Whom doesn’t he flatter? Well, one notices scant praise for—even some griping about—his own constituents back in Nebraska. He mentions the mail his Senate office received in 2016, in which religious Nebraskans asked why he planned to throw his vote effectively to Hillary Clinton, whose Supreme Court nominees would likely have permanently ensconced Roe vs. Wade in American jurisprudence. Given that their own votes went 58 percent in favor of Trump, it could be they won’t relish being characterized as ill-educated, low-IQ, “lonely,” and “angry” social isolates. (Why didn’t Sasse just go all the way and call them “deplorables”?)
The Culture War Is Real
But the worst flaw of Them is its author’s blithe insistence that the Left-Right chasm these days is simply a matter of free-floating anxiety generated by economic disruption and click-seeking media. He seems not to realize that the culture war is quite real—and also, although he tries to paper this over—quite one-sided. The “partisan tribalism” of which he accuses Trump-supporting voters is actually more like an effort to push back, or at least to hold the line, against a managerial and cultural elite with an aggressive agenda: to obliterate the very same locally and religiously grounded values that Sasse claims to champion.
The senator and his wife homeschool their children, so perhaps he is unaware of the helpless outrage that many parents felt when the Obama administration issued rules requiring their daughters to share public school bathrooms with biological males. (Trump rescinded those directives soon after taking office.) Sasse doesn’t seem to understand that today’s Democratic Party has little patience with Moynihan-style moderation, or that such once-radical positions as open borders, gun-confiscation, socialized medicine (“Medicare for all”), draconian limits on energy consumption, and forced support for abortion and same-sex marriage are now pretty much mainstream among Democrats. Does Sasse really think that today’s socialist-leaning millennials, half of whom favor restricting First Amendment rights in the name of curbing “hate speech,” share a “belief in freedom for all”? Does he think Chuck Schumer cares one whit about “a common understanding of the challenges we face”?
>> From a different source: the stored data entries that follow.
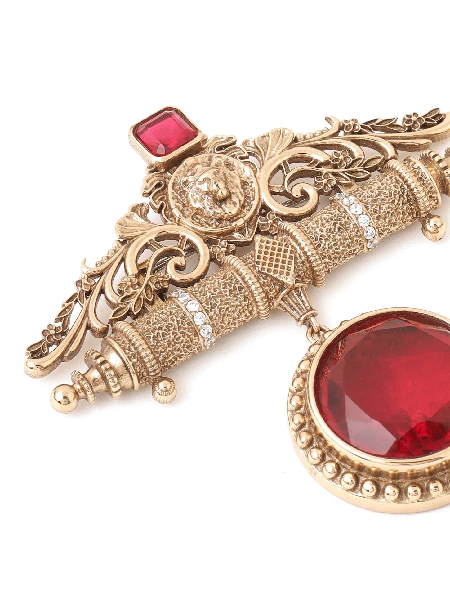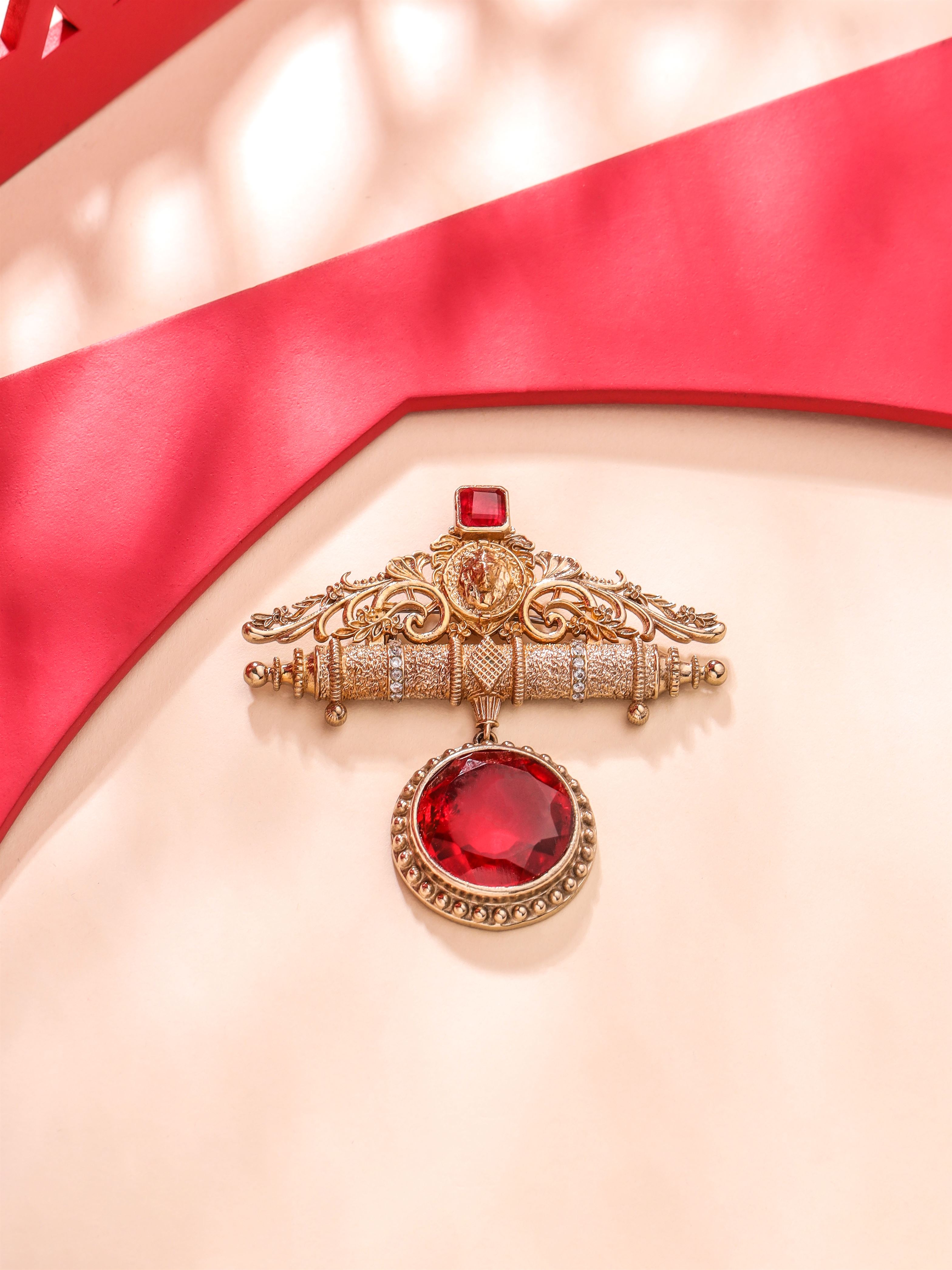 "Radiate grace and glory with the ""Ada-e-Khaas Brooch,"" a captivating symbol of elegance and allure. This exquisite accessory features an enchanting design with a square green gemstone at the top and a magnificent circle green gemstone at the bottom. Crafted with finesse, the brooch captures a sense of regal charm and sophistication. Wear the Brooch with pride, embracing your inner grace and letting your light shine brightly. Let this alluring brooch be a reminder to exude confidence and beauty in every step you take.
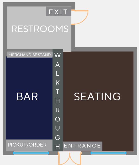 Mezz Floor- Located Upstairs ADA and gender inclusive bathrooms, storage and office space.
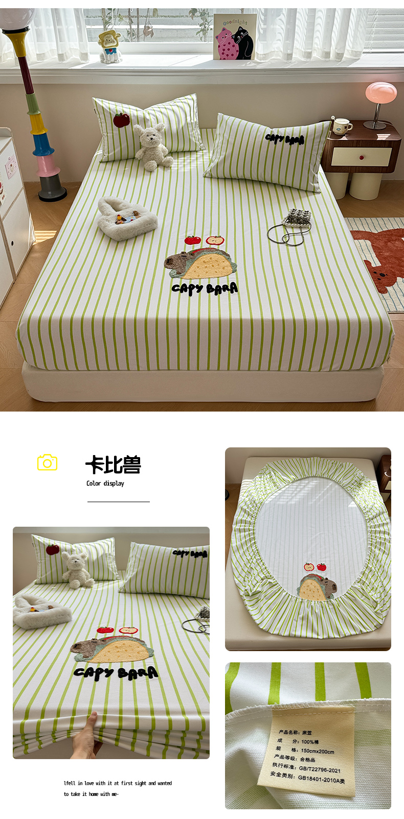 • 91家纺网 家纺一手货源 找家纺 蓝邻家纺 2025春夏新款全棉纯棉老粗布刺绣床笠凉席席子 可可狗
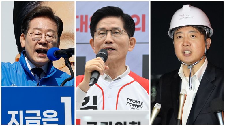 21대 대통령 선거 공식 선거운동이 12일 시작됐다. 왼쪽부터 지지를 호소하는 이재명 더불어민주당 대선후보, 김문수 국민의힘 대선후보, 이준석 개혁신당 대선후보./남강호 기자·뉴스1 |
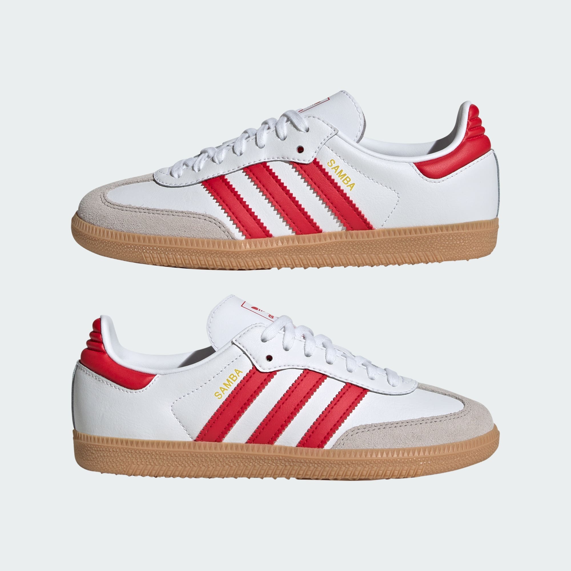 Hvis du rejste tilbage i tiden til 1960'erne, ville du finde professionelle fodboldspillere iført adidas-Sambas ligesom disse sko i juniorstørrelse. Altså, næsten ligesom dem. De har fået en genopfriskning til den næste generation og har en blød indersok, der føles behagelig at have på hele dagen. En overdel i læder, en sål i gummi og 3-Stripes forbliver klassiske.
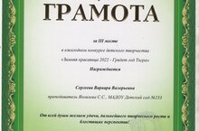 Поздравляем Сергееву Варвару, воспитанницу средней группы 3 с победой в конкурсе детского творчества организованный @kazanzoo1806 . Желаем удачи, дальнейшего творческого роста и блестящих перспективы.

The unfortunate thing is that Them does pinpoint some things that have indeed gone fearfully wrong in recent years: the deterioration of family life and the devolution of American politics into trench warfare. But they’re problems that can’t be even adequately analyzed, let alone solved, by anodyne declarations that we need more of the “tight bonds that give our lives meaning,” uttered by someone who has decided he is too above the fray for the profession—politics—to which he was elected by desperate constituents.